# Meta Methods applied to the clickbait data set

### TF-IDF preprocessing

In [3]:
# Libraries
from sklearn.feature_extraction.text import CountVectorizer
from sklearn.utils import shuffle
from nltk.corpus import stopwords
from nltk.stem.snowball import EnglishStemmer
from nltk import word_tokenize
import numpy as np
import matplotlib.pyplot as plt
%matplotlib inline
import sklearn
import sklearn.datasets as ds
import sklearn.model_selection as cv
import sklearn.neighbors as nb
import pandas as pd
import nltk
import re
nltk.download('punkt')
nltk.download('stopwords')
nltk.download('averaged_perceptron_tagger')

stemmer = EnglishStemmer(ignore_stopwords=True)
tokenize = CountVectorizer().build_tokenizer()


def stemmed_words(doc):
    return (stemmer.stem(w) for w in tokenize(doc))

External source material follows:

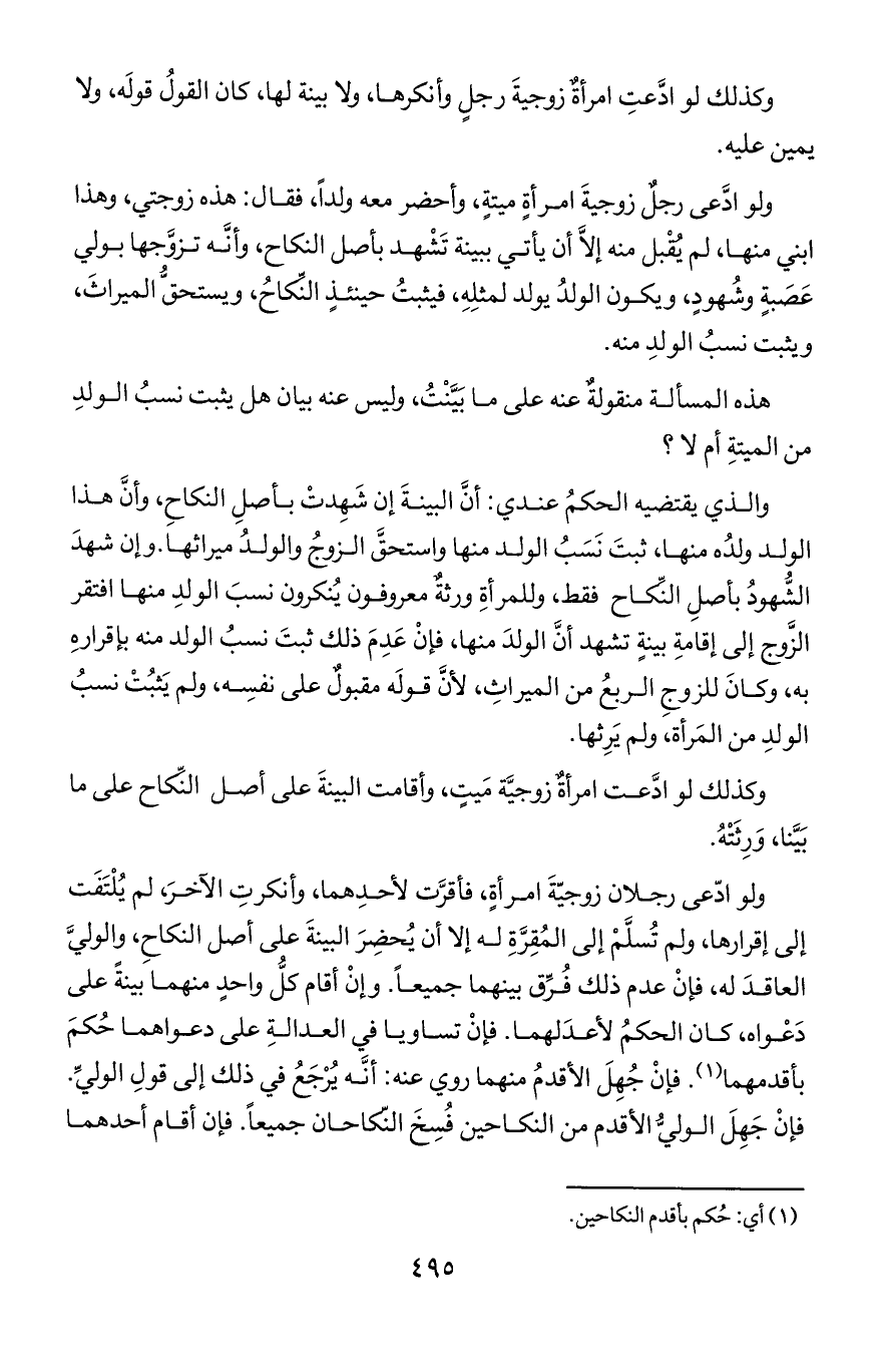والذي يقتضيه الحكم عندي: أن البينة إن شهدت بأصل النكاح, وأن هذا الولد ولده منها, ثبت نسب الولد منها واستحق الزوج والولد ميراثها. وإن شهد الشهود بأصل النكاح فقط, وللمرأة ورثة معروفون ينكرون نسب الولد منها افتقر الزوج إلى إقامة بينة تشهد أن الولد منها, فإن عدم ذلك ثبت نسب الولد منه بإقراره به, وكان للزوج الربع من الميراث, لأن قوله مقبول على نفسه, ولم يثبت نسب الولد من المرأة ولم يرثها.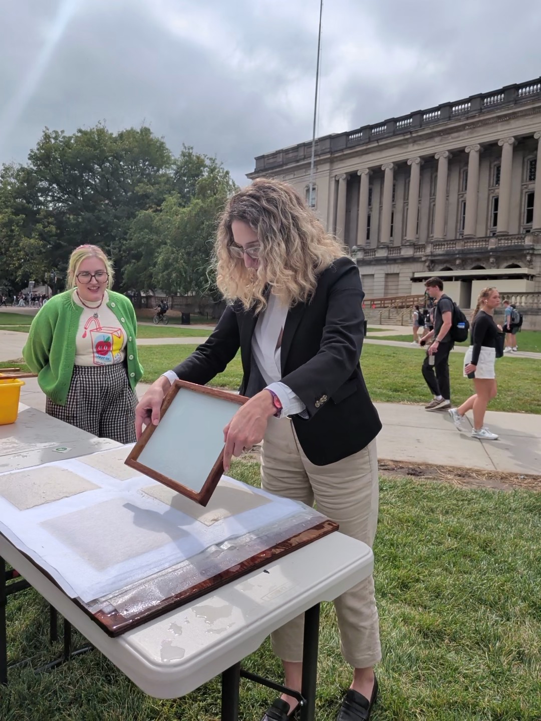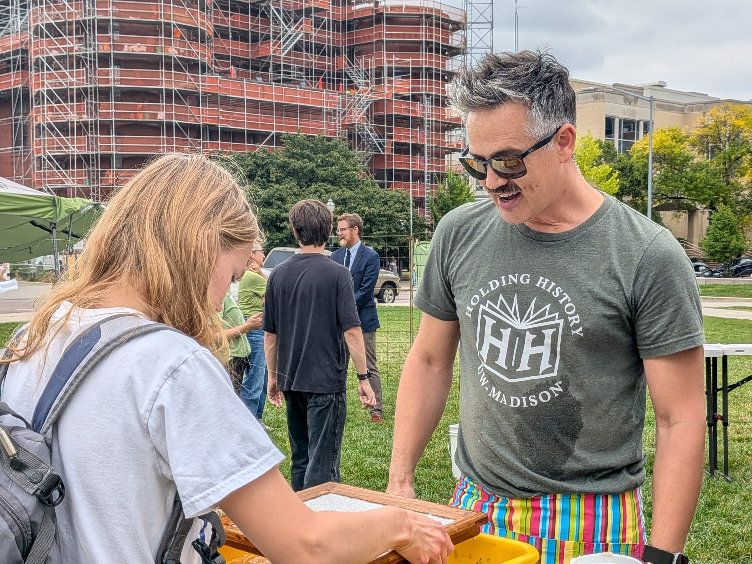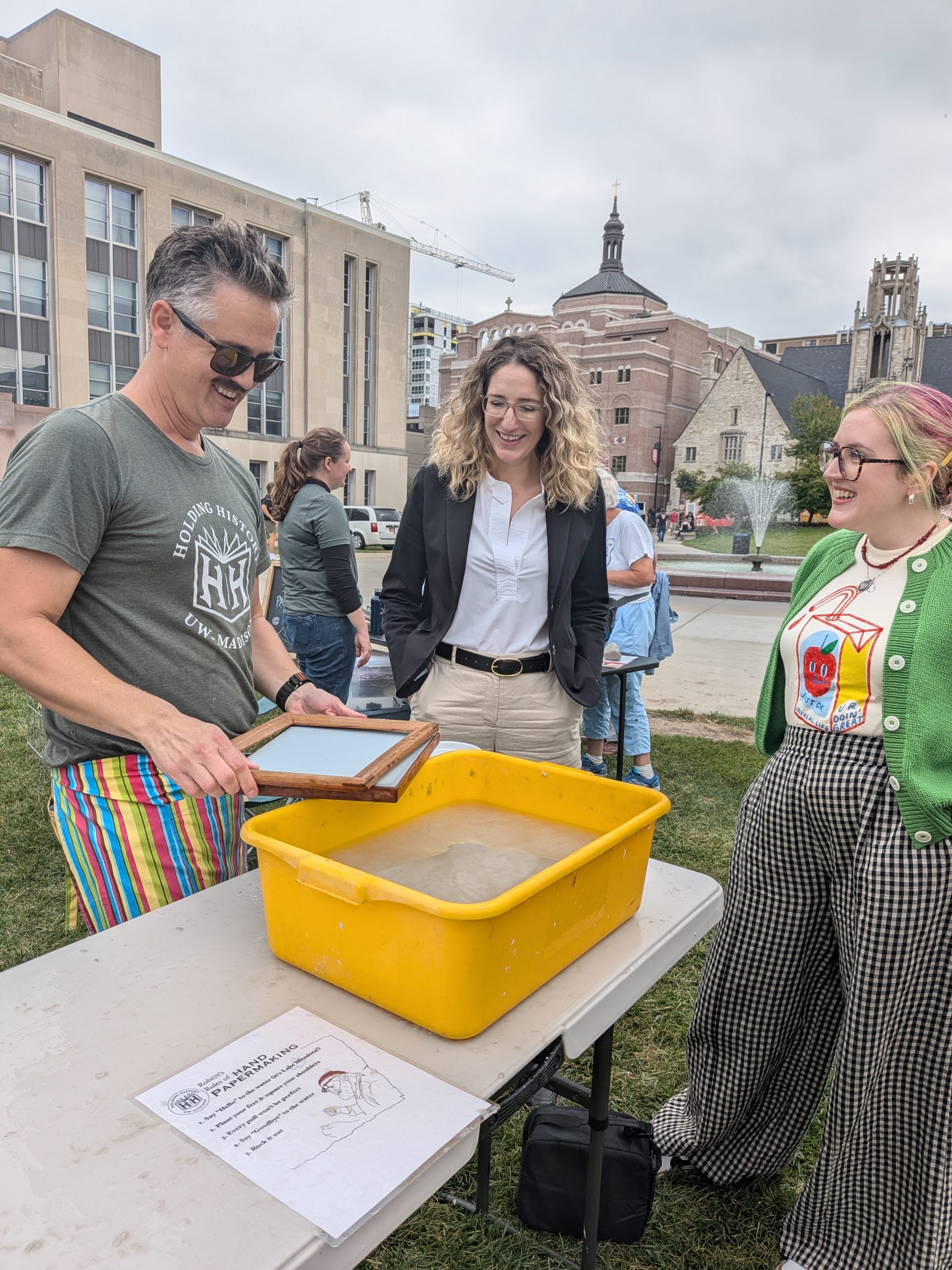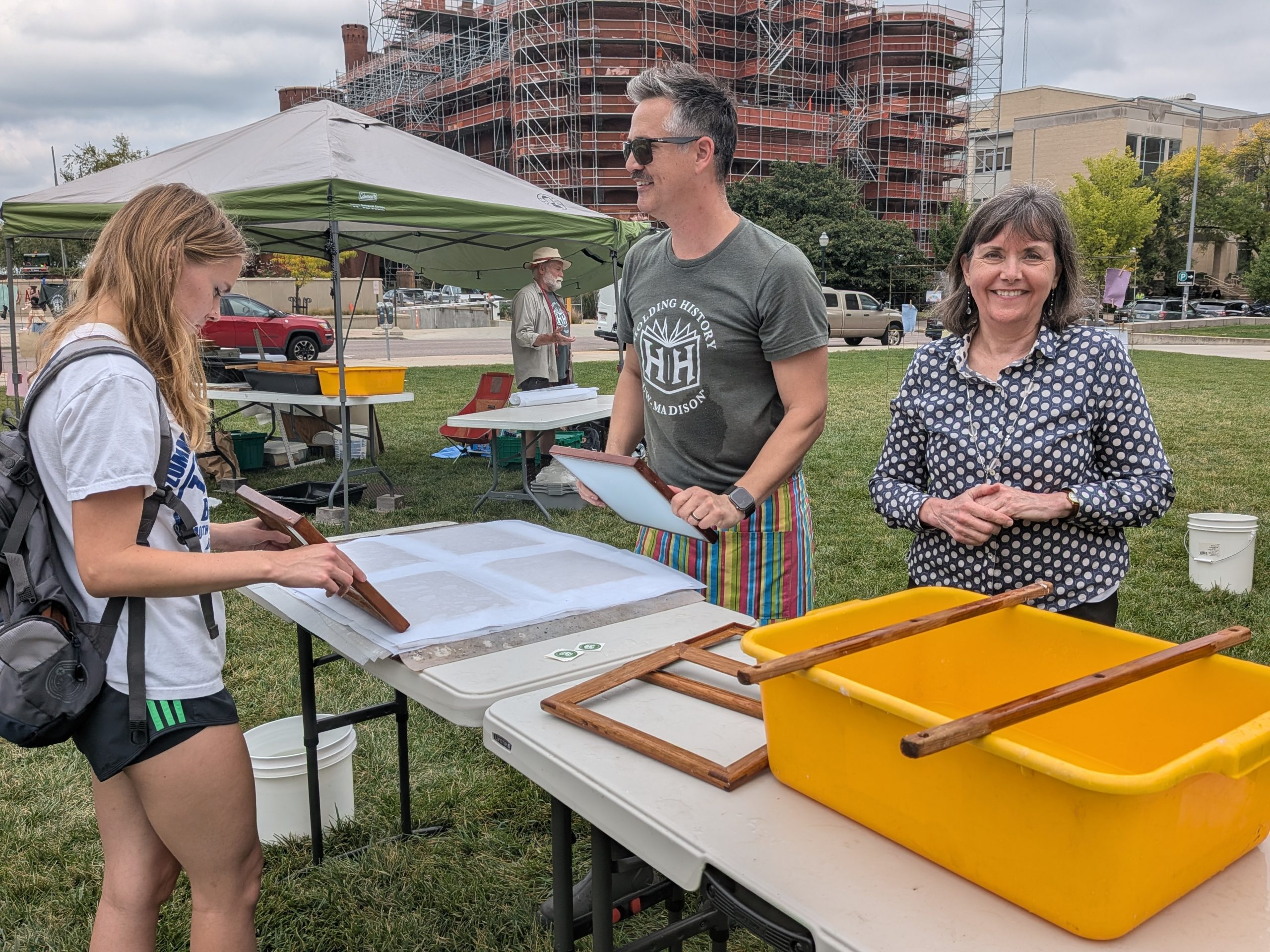 Join us for a FREE, hands-on papermaking session with master papermaker Robert Possehl and Holding History students. Stop by anytime and experience the joy of making a sheet of handmade paper from recycled rags and local wheat straw. Look for our bright green tent!

# Function to get the tf_idf scores for a list of strings representing a title
# takes a list of strings as parameters
def count(data):
    nr_pattern = re.compile(r'\b[+-]?\d*[.,]?\d+([eE][+-]?\d+)?\b')
    acronyms = re.compile(r'\b(\w)[.+:\-]')
    non_alphanum = re.compile(r'[^\w\d\-\+\s]')
    for i in range(len(data)):
        title = acronyms.sub(r'\1', data[i])
        title = non_alphanum.sub(' ', title)
        data[i] = nr_pattern.sub('NUMBER_SPECIAL_TOKEN', title)
    vectorizer = CountVectorizer(
        tokenizer=stemmed_words, stop_words=stopwords.words('english'), max_features=1000)
    X = vectorizer.fit_transform(data)
    # features = vectorizer.get_feature_names()
    # frq = X.toarray().sum(axis=0)
    # d = sorted(zip(features, frq), key=lambda v: v[1], reverse=True)
    # x = [t[0] for t in d]
    # y = [t[1] for t in d]
    return X.toarray()


# reading the data
dt_true = pd.read_csv('/content/sample_data/clickbait_data.txt', sep='\n', names=['Title'])
dt_false = pd.read_csv('/content/sample_data/non_clickbait_data.txt', sep='\n', names=['Title'])
dt_true = dt_true.assign(Label=lambda x: True)
dt_false = dt_false.assign(Label=lambda x: False)

# merging the data
dt = pd.concat([dt_true, dt_false], ignore_index=True)

# shulffing data
dt = shuffle(dt).reset_index(drop=True)

# computing tf-idf
X = count(dt['Title'].to_list())  # tf_idf scores
y = dt['Label']  # labels



[nltk_data] Downloading package punkt to /root/nltk_data...
[nltk_data]   Package punkt is already up-to-date!
[nltk_data] Downloading package stopwords to /root/nltk_data...
[nltk_data]   Package stopwords is already up-to-date!
[nltk_data] Downloading package averaged_perceptron_tagger to
[nltk_data]     /root/nltk_data...
[nltk_data]   Package averaged_perceptron_tagger is already up-to-
[nltk_data]       date!


In [4]:
dt.head()

Unnamed: 0,Title,Label
0,This Video Is For Every Girl Who Can't Do Makeup,True
1,We Know What Popular Song You Hate Based On On...,True
2,"For ESPN and NBC, a Day of Replays and Weather...",False
3,"What ""Bro"" Really Means",True
4,The Most Delicious Celebrity Twitter Beefs Of ...,True


**Setting CV value**

In [5]:
cv=10

## Voting scheme

In [6]:
from sklearn.model_selection import cross_val_score
#from sklearn.linear_model import LogisticRegression
from sklearn.naive_bayes import GaussianNB
from sklearn.ensemble import VotingClassifier
from sklearn.tree import DecisionTreeClassifier
from sklearn.neighbors import KNeighborsClassifier
from sklearn.model_selection import GridSearchCV


clf1 = GaussianNB()

#params = {'n_neighbors':list(range(1,30,2)), 'weights':('distance','uniform')}
knc = KNeighborsClassifier()
#clf = GridSearchCV(knc, param_grid=params,cv=cv,n_jobs=-1)  # If cv is integer, by default is Stratifyed 
#clf.fit(X, y)
#print("Best Params fo Knn=",clf.best_params_, "Accuracy=", clf.best_score_)
#parval=clf.best_params_
parval={'n_neighbors': 9, 'weights': 'distance'}
clf2 = KNeighborsClassifier(n_neighbors=parval['n_neighbors'],weights=parval['weights'])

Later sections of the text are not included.